California’s almost exclusively Democratic state legislators got a good look last summer at just how precarious their positions now are, and they didn’t like it.
The result almost certainly will be quick changes in state laws covering recall elections. You can bet Gov. Gavin Newsom would sign off on such bills with alacrity if he got the chance. But he won’t because recalls are written into the California constitution, and their structure can’t change without a popular vote during a general election, the next one coming up in autumn 2022.
There’s a strong possibility the Legislature will put two or three measures before the people next fall, just to make sure at least one passes.
For as threatened as Newsom felt last fall before beating back the recall then aimed at him, many lawmakers felt much the same. One state senator, Josh Newman of Fullerton, has actually been recalled, only to win back his seat later. Others know they could be.
That’s because recalls now require signatures from only 12 percent as many voters as cast ballots in the last statewide election. In Newsom’s case, it was about 1.3 million, achieved only because a judge gave recall proponents four months more than usual to gather names after they argued the COVID-19 pandemic posed unusual obstacles.
Legislators could be forgiven for believing recall backers in their own districts might gin up some unusual obstacle during almost any year and also get extra time.
No one claims recall elections are the epitome of democracy. For one thing, it only takes 12 percent of the voters being sufficiently disgruntled to force a vote in the midst of any elected official’s term. For another, the recall target can draw more votes than anyone on the ballot’s list of potential replacements, but still be voted out if there’s a simple majority on the question of whether there should, in fact, be a recall.
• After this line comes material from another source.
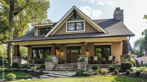 Design an image of a craftsman-style home exterior with a wide front porch, exposed beams, and stone pillars, emphasizing handcrafted quality and traditional charm.
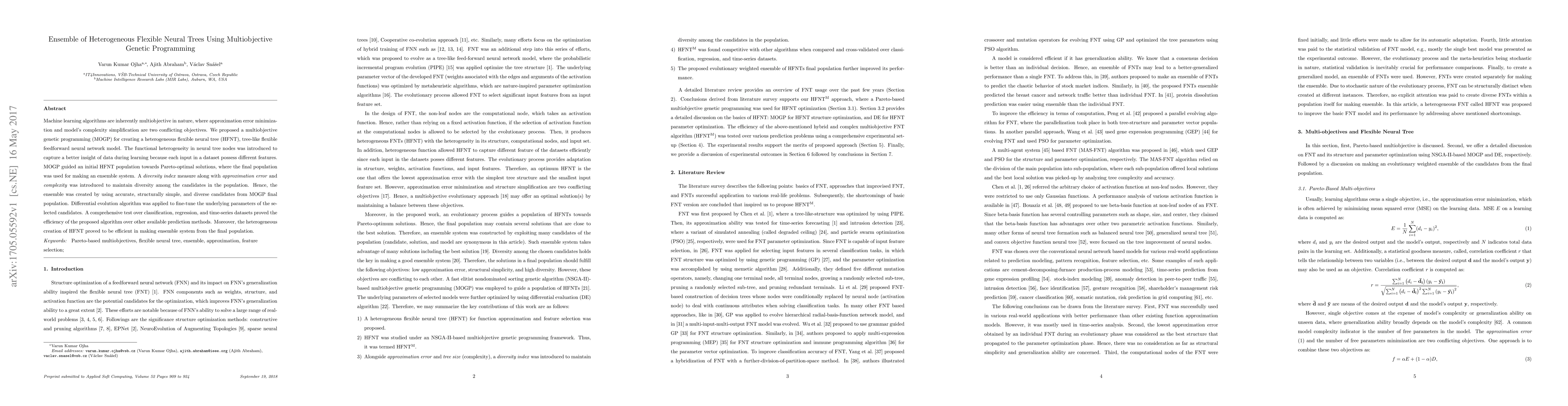 Machine learning algorithms are inherently multiobjective in nature, where approximation error minimization and model's complexity simplification are two conflicting objectives. We proposed a multiobjective genetic programming (MOGP) for creating a heterogeneous flexible neural tree (HFNT), tree-like flexible feedforward neural network model. The functional heterogeneity in neural tree nodes was introduced to capture a better insight of data during learning because each input in a dataset possess different features. MOGP guided an initial HFNT population towards Pareto-optimal solutions, where the final population was used for making an ensemble system. A diversity index measure along with approximation error and complexity was introduced to maintain diversity among the candidates in the population. Hence, the ensemble was created by using accurate, structurally simple, and diverse candidates from MOGP final population. Differential evolution algorithm was applied to fine-tune the underlying parameters of the selected candidates. A comprehensive test over classification, regression, and time-series datasets proved the efficiency of the proposed algorithm over other available prediction methods. Moreover, the heterogeneous creation of HFNT proved to be efficient in making ensemble system from the final population.

So among the changes under consideration for next year’s ballot is one that would separate by days or weeks the vote on a recall from balloting on a replacement. Another would eliminate the replacement list in gubernatorial recalls and give the governor’s job to the lieutenant governor if a governor is recalled, as Gray Davis was in 2003.
Other proposals include giving recall organizers less time to gather signatures or requiring up to twice as many signatures for a recall as today’s rules demand.
The Legislature’s few Republicans, of course, oppose all this. Never mind that they would surely turn around quickly if they ever again elect a governor from their party, which now has barely half as many registered adherents as Democrats do.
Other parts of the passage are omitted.